The Palestinian Authority mayor of the city of Bidya, near Ariel in central Samaria, was charged with online incitement in an Israeli military court on Wednesday after being arrested on Feb. 19, authorities announced.
The Palestinian, identified in Hebrew media as Zahir Abdelhadi, was detained last month for “serious incitement against the State of Israel, IDF soldiers and security forces,” the Israel Police said in a statement.
Following a “thorough investigation” by officers of the Modi’in Illit police station and the Military Prosecutor’s Office, Abdelhadi was charged with attempting to influence popular opinion in the municipality through posts that “harm the public order.”
Among other incitement, he stands accused of posting “words of praise, sympathy or support for a hostile organization, its actions and its goals.”
Local media reported that Abdelhadi posted a picture of Hamas founder Ahmed Yassin alongside PLO chairman Yasser Arafat with a caption urging unity between the rival Fatah and Hamas terrorist groups.
In addition, during the Hamas-led terrorist attacks in southern Israel on Oct. 7, 2023, he shared a video showing masked and armed terrorists, accompanied by a song in Arabic calling for a “people’s war” against the “enemy.”
The Israel Defense Forces filed 303 indictments for online incitement to terrorism in the Judea and Samaria territories last year, compared to only some 60 to 70 per year before Oct. 7, it revealed in late January.
A special division was set up under the military’s Central Command to tackle online incitement in the wake of Hamas’s Oct. 7 massacre, Ynet reported.

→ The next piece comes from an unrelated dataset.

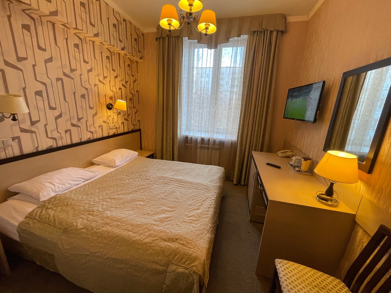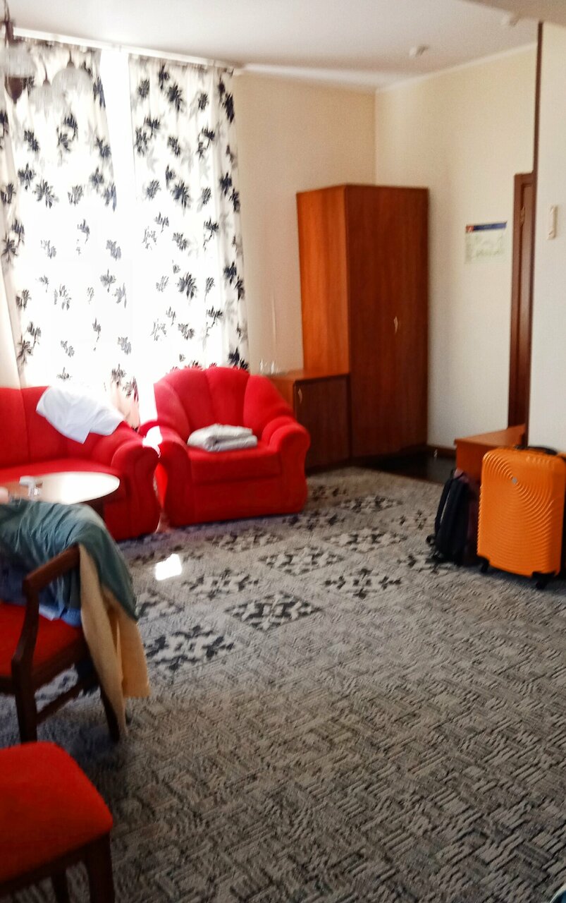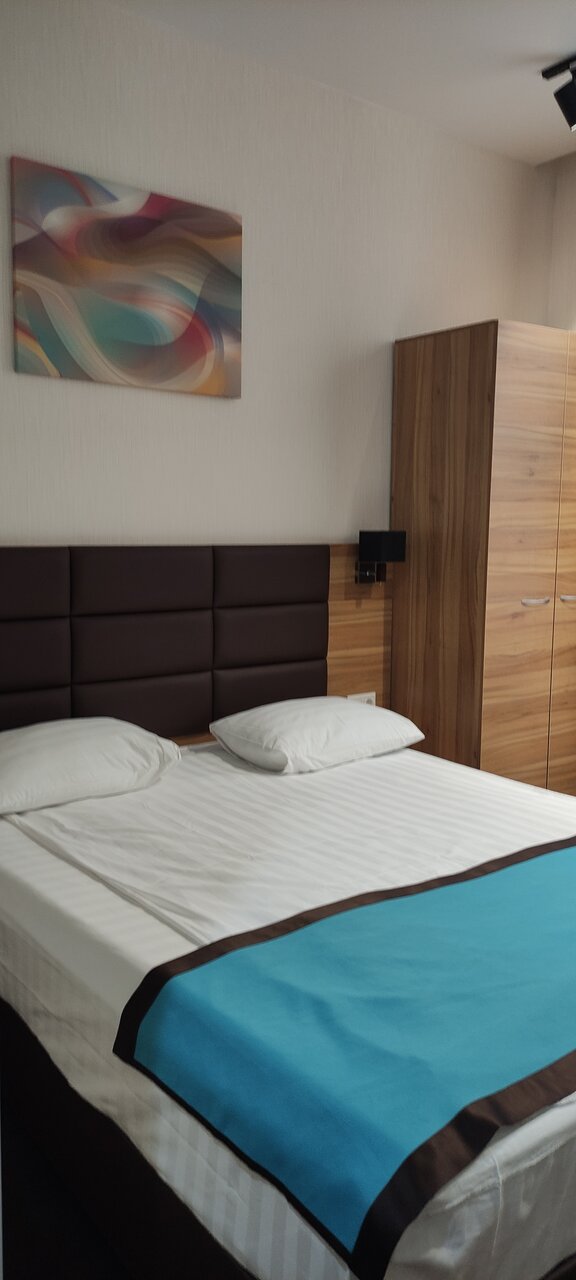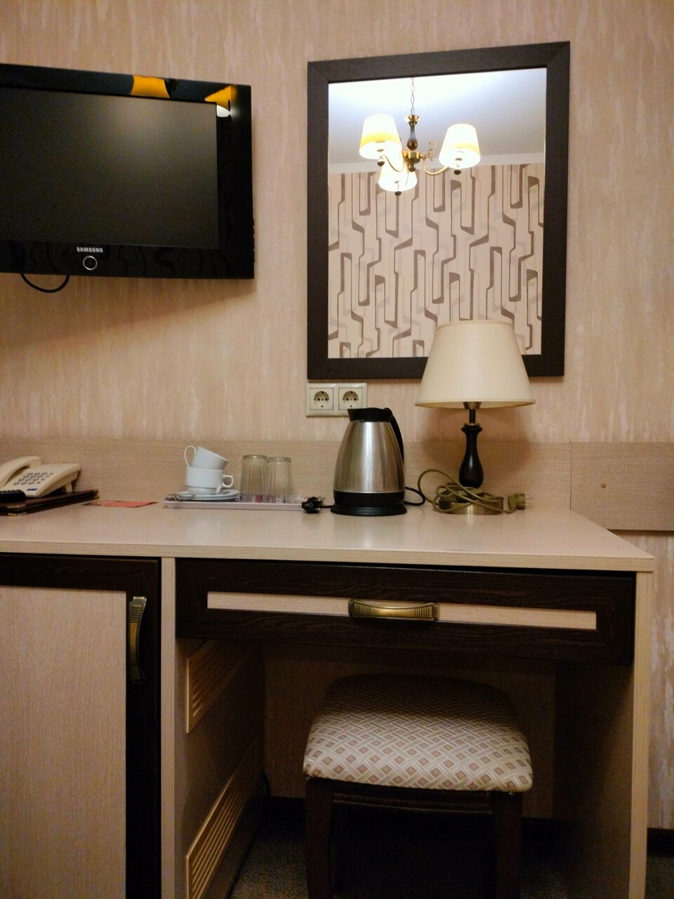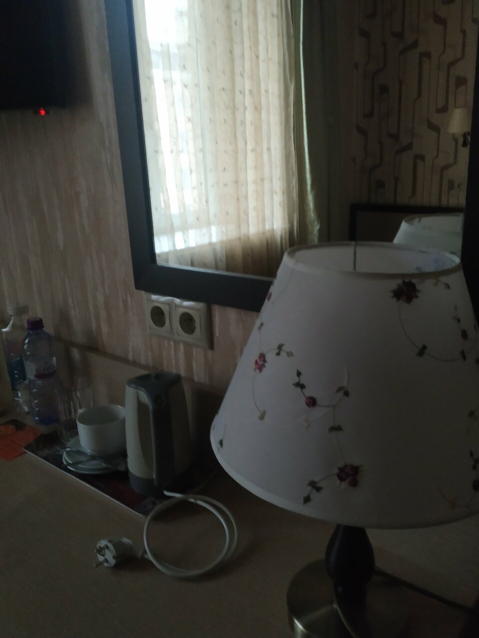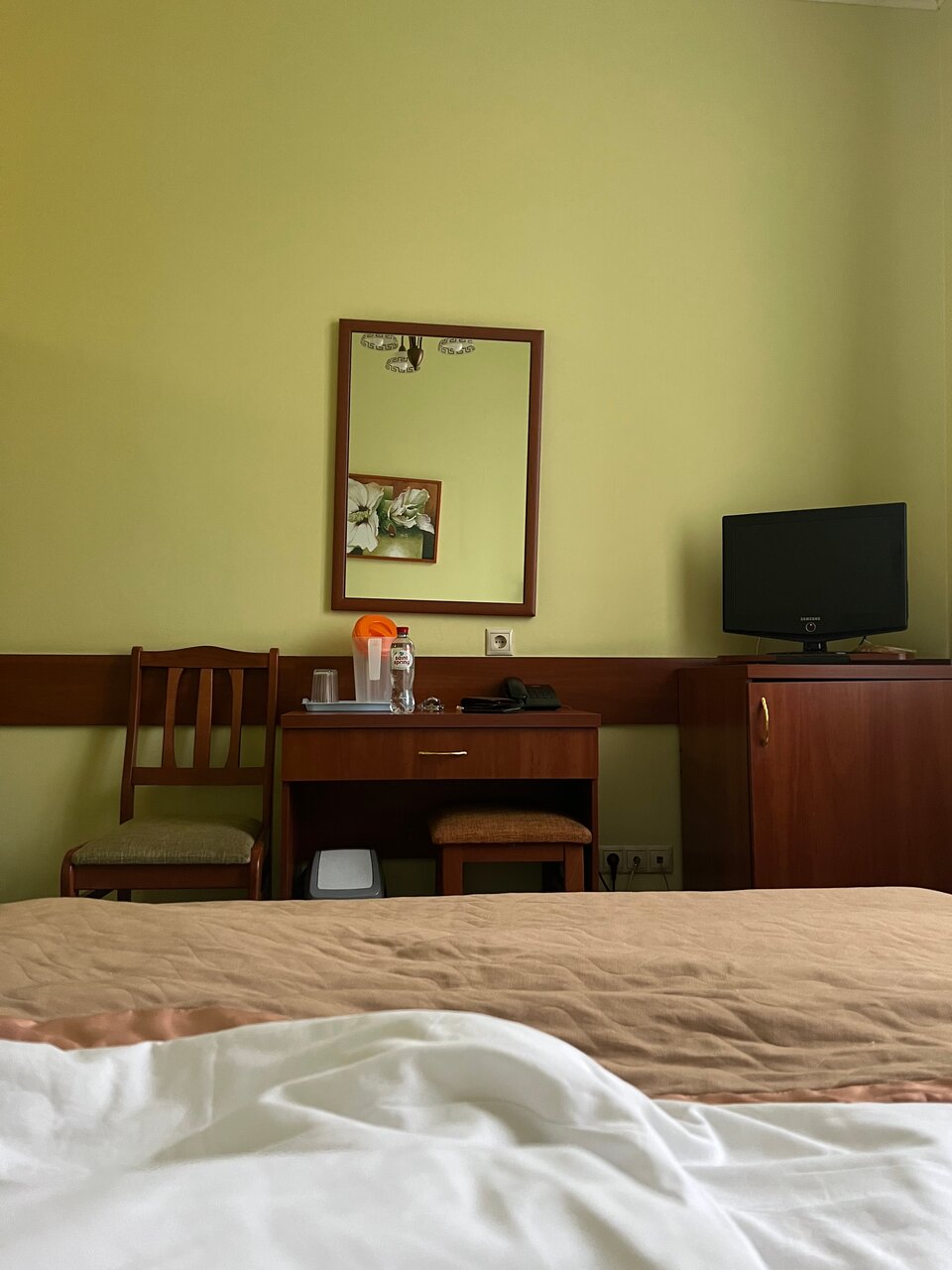 Маленький номер, чтобы переночевать подходит. Из плюсов: есть посуда,чайник, одноразовые шампунь/гель, тапочки( детских нет, на ребенка положили второй взрослый комплект) , есть рядом кафе, работающее с 8ми, можно там поесть.В номере убирают. Из минусов : в номере нет воды, кулера в отеле тоже нет. В ванной вода уходит плохо, подушка и матрас оставляют желать лучшего, вай фай сеть есть, можно подключиться, но по факту смысла нет, ничего не загружается, пользовались мобильным интернетом.

The division is led by members of the Military Prosecution in the Judea and Samaria Division, along with intelligence personnel and operational officers, under OC Central Command Maj. Gen. Avi Bluth.
While Jerusalem’s efforts are bearing fruit with a reported decrease in incitement, this is partly due to Palestinians learning how to word their messages more carefully to avoid legal action, as well as opting for social-media platforms that are more difficult to monitor, an official told Ynet.